The other menials are moving into cover, levelling autoguns and las weapons from behind bookshelves and marble statues at the small band of intruders, but the cultists - the Pilgrims, to use their own term - pay them no mind. You can feel the akasha roiling around them, but it feels wrong, tainted and maddened by some impossible curse. You think they are weaker than you, individually, but you cannot say for sure, and there are four of them besides.
"No," you say flatly, because numbers or not there is no choice in this matter. You'll not hand over an ally, even one as poorly mannered as Septimus, to madmen such as these.
"Oh good," says the woman, drawing a rusted scythe from seemingly nowhere at all and hefting it in her hands. She leers at you, and along the edge of her blade sharpened metal teeth begin to churn and roar. "I was so hoping you would say that!"
You think of Nazuath Karkalla, and the sort of death these people plan for you and those under your care. Then you attack.
You are facing four Demonic Adepts of unknown strength and Realm, armed with chain weapons and apparently specialising in "bile and spite". On your side are potentially the ten surviving menials from the Red Cages, but do you wish to expose them to a battle between Adepts?
[ ] Fight Alone. You will win the fight, but will be badly injured in the process, compelling you to seek medical aid and likely weakening you for future confrontations.
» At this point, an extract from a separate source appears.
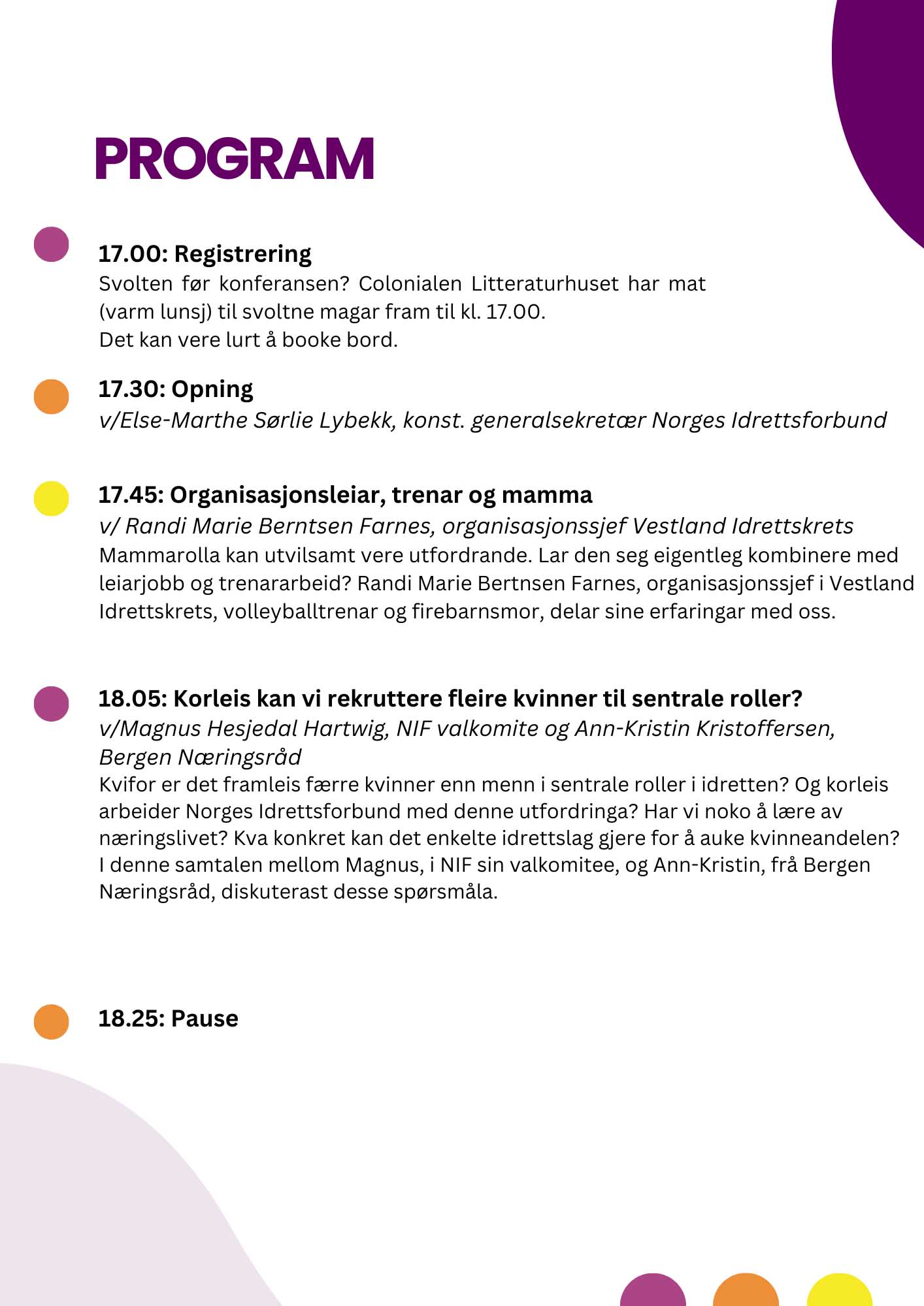 Vi tar for oss seniorenspilleren. Sammen med våre dyktige foredragsholdere tar vi opp temaer som graviditet, i hvilken grad idretten lar seg kombinere med mammarollen, og hvordan vi kan få flere kvinner inn i sentrale roller i idretten.

[ ] Fight as One. You will win the fight, but several of the menials who follow you will die in pain and fear, as is inevitable when mortals stand against Adepts.
--/--
Additionally, xp earned from fanworks has been used to improve both Sun-Tempered Temple Body and Incandescent Wings of the Phoenix. Choose one perk for each.
[ ] [Phoenix] Effortlessly Dancing Flame. By rapidly adjusting the angle and force of your plasma flares, you can perfectly balance on any surface no matter how thin or unstable.
[ ] [Phoenix] Royal Perch Method. Compensating for the pull of gravity with equal and opposite thrust, you may run on walls or stand on ceilings with equal ease.
[ ] [Phoenix] Surging Tempest Acceleration. Combining multiple plasma-flares into a single volcanic eruption of plasma, you may attain vastly greater acceleration and speed at the cost of manoeuvrability.
-/-
[ ] [Temple] Skyfire Banquet. Natural sunlight and other forms of solar energy are food and water to you, strengthening your body and empowering your soul. The greater the exposure, the greater the benefit.
[ ] [Temple] Adamant Skin. Tempering your body in the heat of your soul, you harden your skin like ceramite, trading flexibility for massively improved resilience.
[ ] [Temple] Untouchable Glory. Attacks which you could otherwise endure are reflected back at the attacker. Naturally, sun-aspected attacks such as light, heat and radiation are much easier to reflect than kinetic force.